Между тем, мы прошли хорошую школу по осознанию относительной безопасности, которую предоставляют деньги. Годы, когда любой мог назвать себя миллионером, еще не так далеки от нас, и пожелай себе сегодня кто-нибудь миллион, ему бы пришлось оговорить это желание приблизительно так: при условии, что не наступит новая инфляция, или: при условии, что эта сумма использовалась бы в одном из небольших нейтральных государств.

Возвращаясь собственно к нашей теме, скажем, что подобной мнимой величиной, зависящей от многих предпосылок, оказалась также и масса. Один из признаков родства между безотносительными деньгами и безотносительной массой состоит в том, что они не только не гарантируют защиты от действительной атаки боли, но и, напротив, по мере приближения к элементарной сфере притягивают к себе гибель с силой магнита.

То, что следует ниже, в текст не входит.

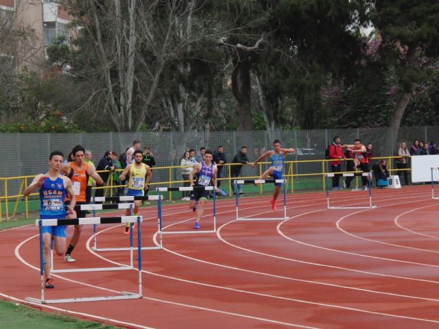 Manel Mas y Antonio Peñalver en martillo con 44.02 y 37,42 en 5ª y 7ª posición, Jose Antonio Maldonado y Pablo Díaz en pértiga con 4.40 y 4.20 m y 1ª y 3ª posición, Joseda Martinez y Angel Ortiz en salto de altura con 1,85 y 1,75 y 5ª y 7ª posición, Pablo Díaz y Andrés Torres en 400 metros vallas con 53.90 y 55,41 y 3ª y 4ª posición, Andrés Romero y Alejandro Martinez en disco con 41.59 y 37.40 metros y 1ª y 6ª posición, Ismael Belhaki y Jorge lópez en 400 m con 49.48 y 52.93 y 1° y 8° puesto, Jose ALberto Esteso y Jacob Manuel Rodriguez en 800 m con 1.59 y 2.00 con un 6° y 7° puesto, Sergio López Barranco y Rubén Salinas en 200 con 22.03 y 22.73 y 2ª y 5ª posición, Vicente Guardiola y Carlos Carrión en longitud con 6,96 y 6.06 y 1ª y 8ª posición, Alex González y Roberto Sánchez en 1500 con 4.07 y 4.14 y 5ª y 6ª posición, Vicente Guardiola y Sergio Jornet en 110 metros vallas con 14.91 y 15.50 y 2ª y 4ª posición, Jose Antonio Maldonado y Ruben Salinas en 100 metros con 11.09 y 11.44 y 2ª y 6ª posición, Pedro Conesa y Joseca Galvez en 5 km marcha con 23.03 y 24.29 y 2° y 5° puesto, Juanjo Martínez y Joseda Martinez en jabalina con 48,85 y 45.32 metros en 4° y 5ª posición, Antonio Peñalver y Sergio Jornet en Peso con 13.20 y 11.98 y 3ª y 6ª posición, Mariano García y Mohammed Zouini en 3000 m obstáculos con 9.10.18 y 10.20.63 y 1ª y 5° posición, Alejandro Garcia y Lucas Postigo en los 3000 m lisos con 8.46 y 8.48 en 3ª y 4ª posición, Salvador Rubio y Contantino Andrés en el triple salto con 13.46 y 13.01 metros y 5° y 7° puesto, los relevos de 4x100 formados por Torres, Peleato, Meza y Alcaraz hicieron 4ª posición con marca de 44.60 y el relevo de 4x400 metros formado por Ortiz, Rodríguez, Martinez y Alcaraz, hicieron un 4° puesto con 4.49.95
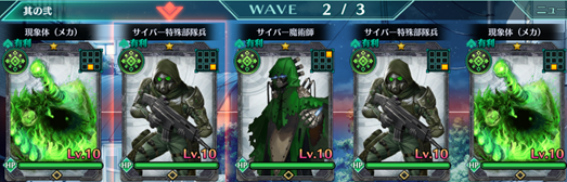 Wave2 | 現象体(メカ):緑×2、サイバー特殊部隊兵:緑×2、サイバー魔術師:緑×1 |
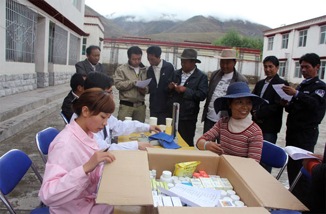 通過(guò)為尼木縣鄉(xiāng)村小學(xué)老師們的體檢,董發(fā)善醫(yī)生說(shuō):“大部分老師都患有血管神經(jīng)性頭疼和不同程度的胃病和膽囊疾病。這是由于在鄉(xiāng)村學(xué)校中,老師們工作繁忙,經(jīng)常忘記吃飯或者到了吃飯的時(shí)候就湊合吃幾片風(fēng)干肉,喝幾杯酥油茶。這是造成鄉(xiāng)村老師腸胃和膽囊疾病的主要原因。此外,由于老師們經(jīng)常站著講課,腰椎疾病的患病率比其他行業(yè)的要高。”在體檢的同時(shí),醫(yī)護(hù)人員還向老師們發(fā)放了常見疾病預(yù)防知識(shí)的宣傳材料。
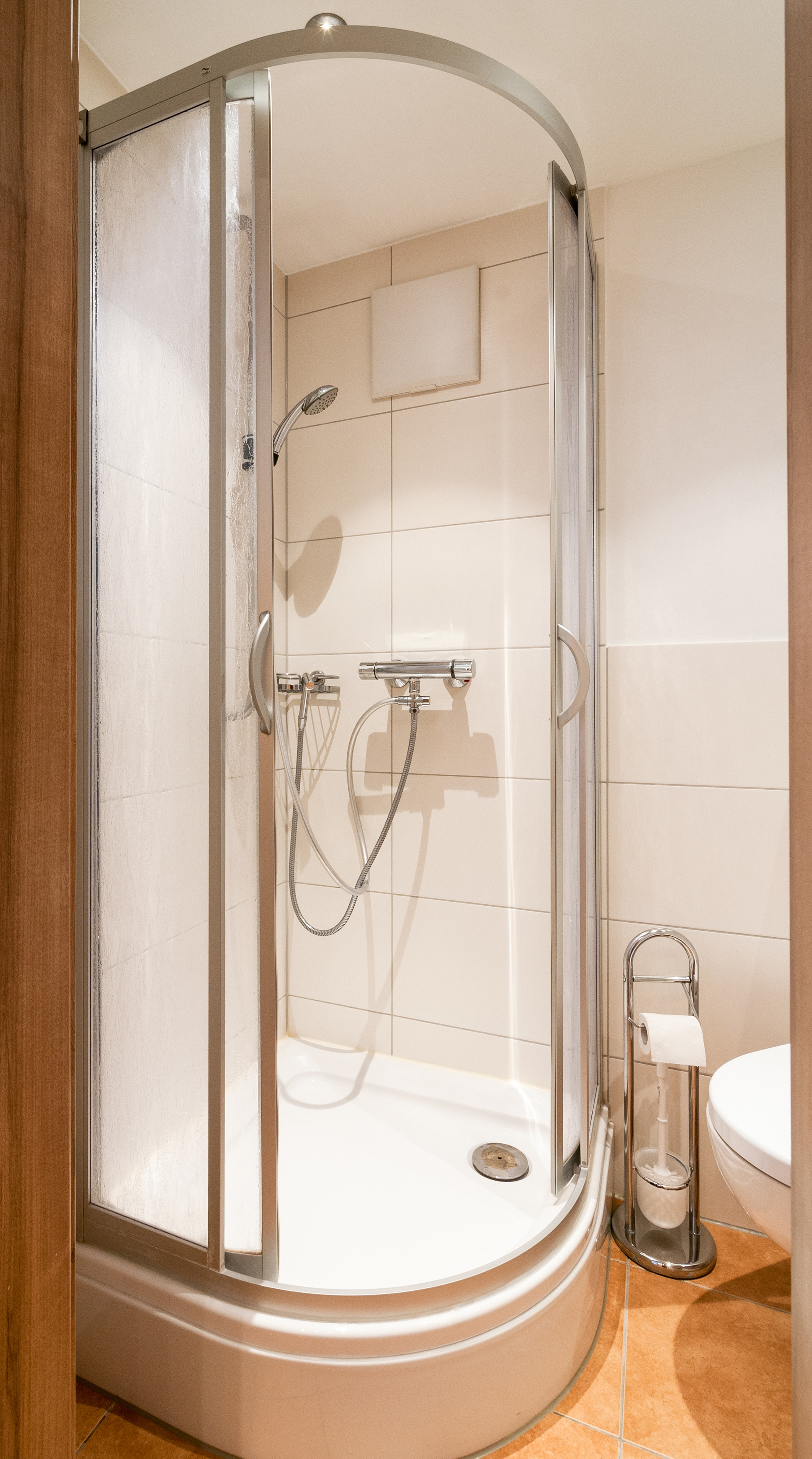 In dem Duschbadezimmer hat die Wohnung eine Waschmaschine, welche mit einem Münzzähler funktioniert. (Kosten pro Waschladung 5€)
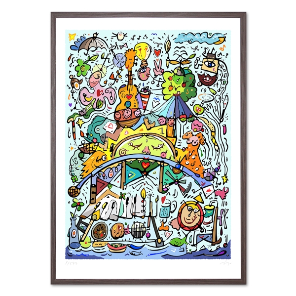 Den første spæde skitse til billedet tegnede Jes sidste år i Sønder Bjert under Blue Bridge Festivalen, og hele overskuddet fra salget går til at kunne støtte op om festivalens mange musikalske og menneskesamlende initiativer.

Воспитанные в определенном стиле мысли люди склонны к тому, чтобы рассматривать понятия, с которыми они работают, как реальности. Масса тоже есть не что иное, как общее понятие, и тот акт, посредством которого какое-то число людей превращается в массу, является убедительным лишь в отведенном ему пространстве. А там очень трудно избежать оптического обмана.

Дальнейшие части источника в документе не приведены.